Exercise prompt: Exact wording is needed for every line from the one holding "在命令提示符中输入 ipconfig/all,然后回车。" to the end of the records below; write those lines out and omit the pictures.

Stored data entries:
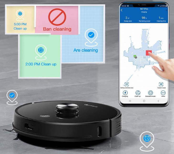 „Proscenic M7 Pro“ sukuria kambario žemėlapį ir jį įsimena po pirmojo valymo ciklo. Tai reiškia, kad įrenginiui nereikia kaskart jo iš naujo kurti. Be to, jis gali išsaugoti daugiau nei vieną žemėlapį, tai reiškia, kad vartotojai programėlėje gali išsaugoti kelių aukštų žemėlapius, o tai labai patogu namams su keliais aukštais.
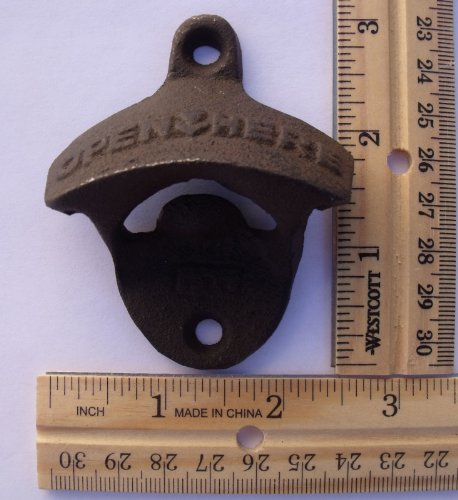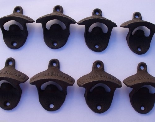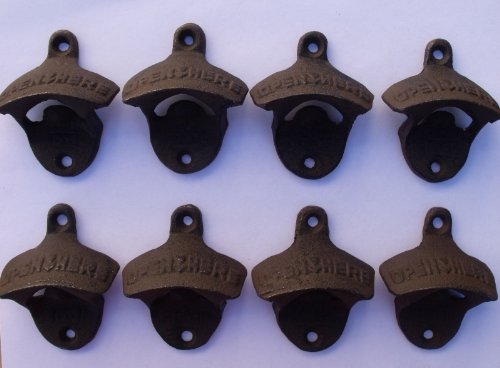 -. Brand : Unbranded -. Color : Brown -. EAN : 0741414291164 -. Feature : Set of 8 Cast iron wall-mounted bottle opener with screws. / Designed to have a rustic or vintage appearance. / Color is brown with black highlights. Color darkness will vary. / Each measures approximately 3-1/8" long by 2 1/2" wide and sets out 1 1/4" from the wall. -. MPN : 10081 -. PartNumber : 10081 -. ProductGroup : Kitchen -. ProductTypeName : KITCHEN -. Title : Set of 8 "Open Here" Cast Iron Wall Mount Bottle Opener Vintage Look Replica -. UPC : 741414291164
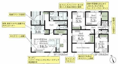 | 設備 | 収納スペース・追焚機能・プロパンガス・フローリング・浴室乾燥機・Wクロゼット・ウォシュレット・システムキッチン・カウンターキッチン・モニタ付インターホン・トイレ2ヶ所・床下収納・複層ガラス・電気・上水道・下水道 | ||||
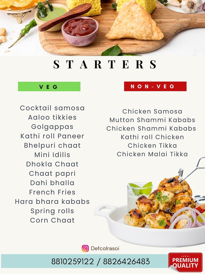 This is the first set of visuals a user sees. It's curated to showcase the best of DefCol Rasoi, balancing variety, quality, and the core message of delicious, home-cooked food for your events.
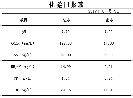 2019年8月5日化验日报表
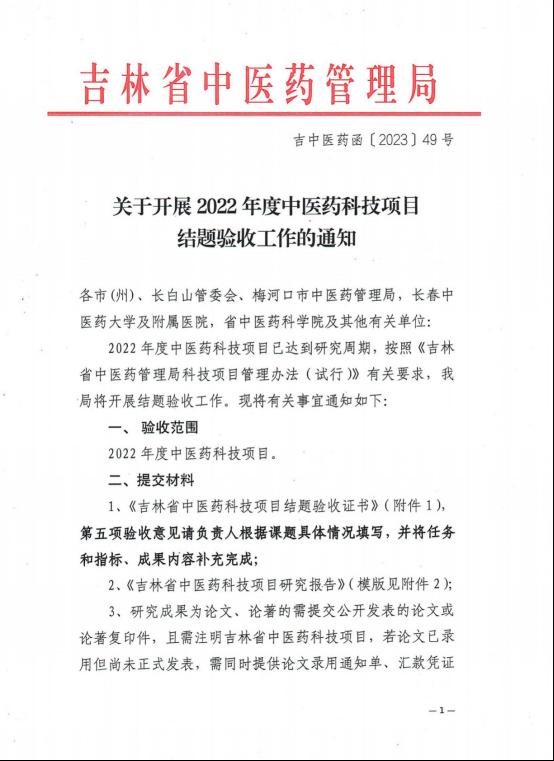 吉林省中医药管理局关于开展2022年度中医药科技项目结题验收的通知
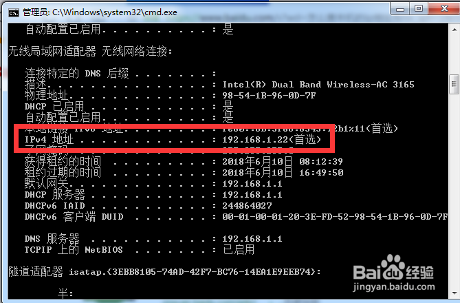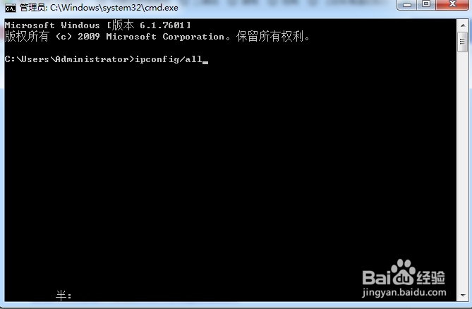 在命令提示符中输入 ipconfig/all,然后回车。
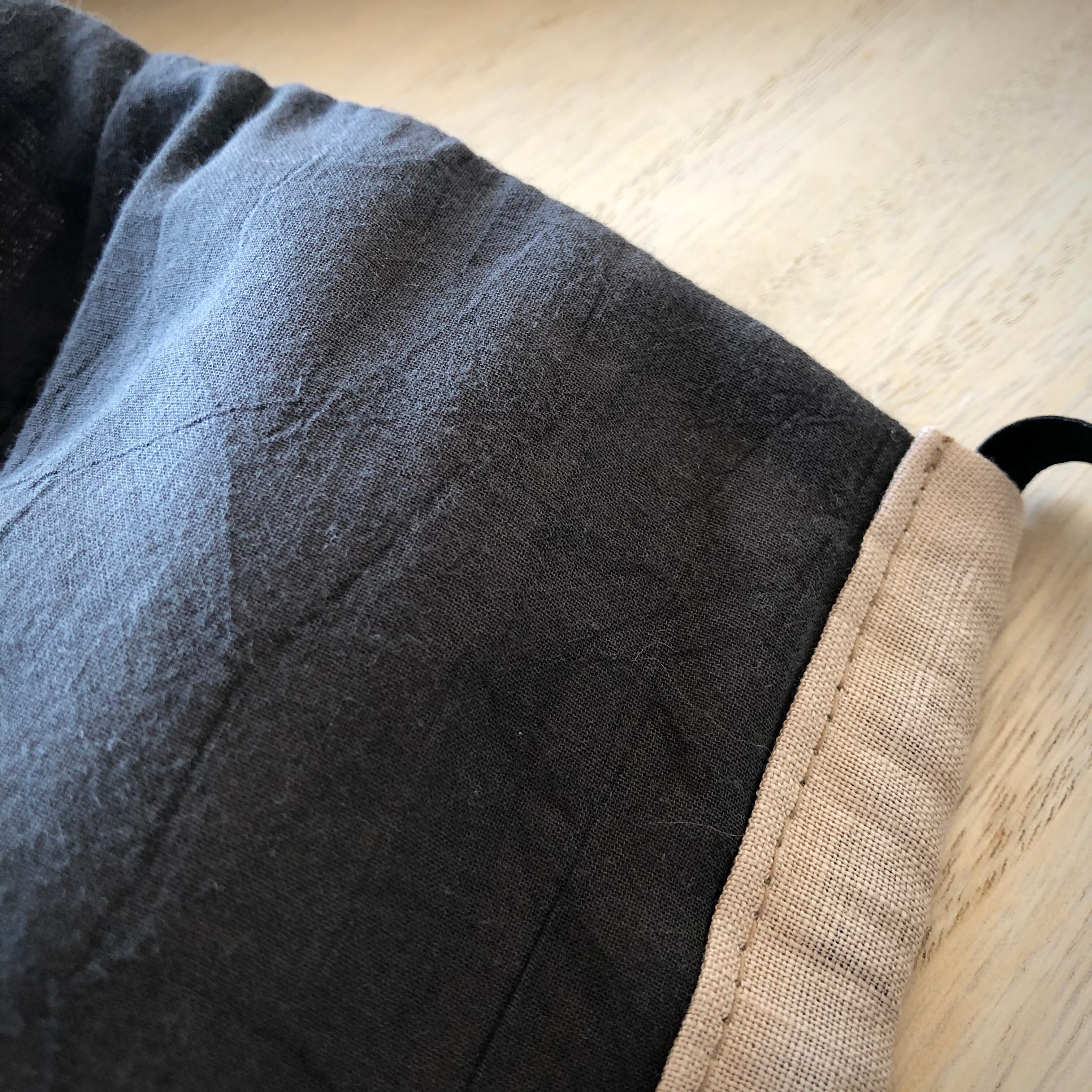 表面はベージュ、裏面は墨色でシワ加工した柔らかめの綿素材です。
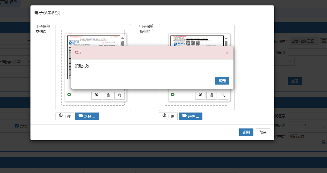 坐席老师使用电子保单识别时显示识别失败,需修改
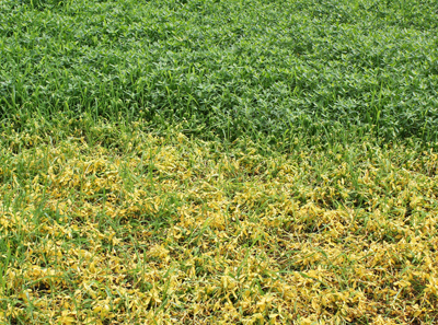 下圖為空心蓮子草危害禾本科草坪

Reply:
 在命令提示符中输入 ipconfig/all,然后回车。
 表面はベージュ、裏面は墨色でシワ加工した柔らかめの綿素材です。
 坐席老师使用电子保单识别时显示识别失败,需修改
 下圖為空心蓮子草危害禾本科草坪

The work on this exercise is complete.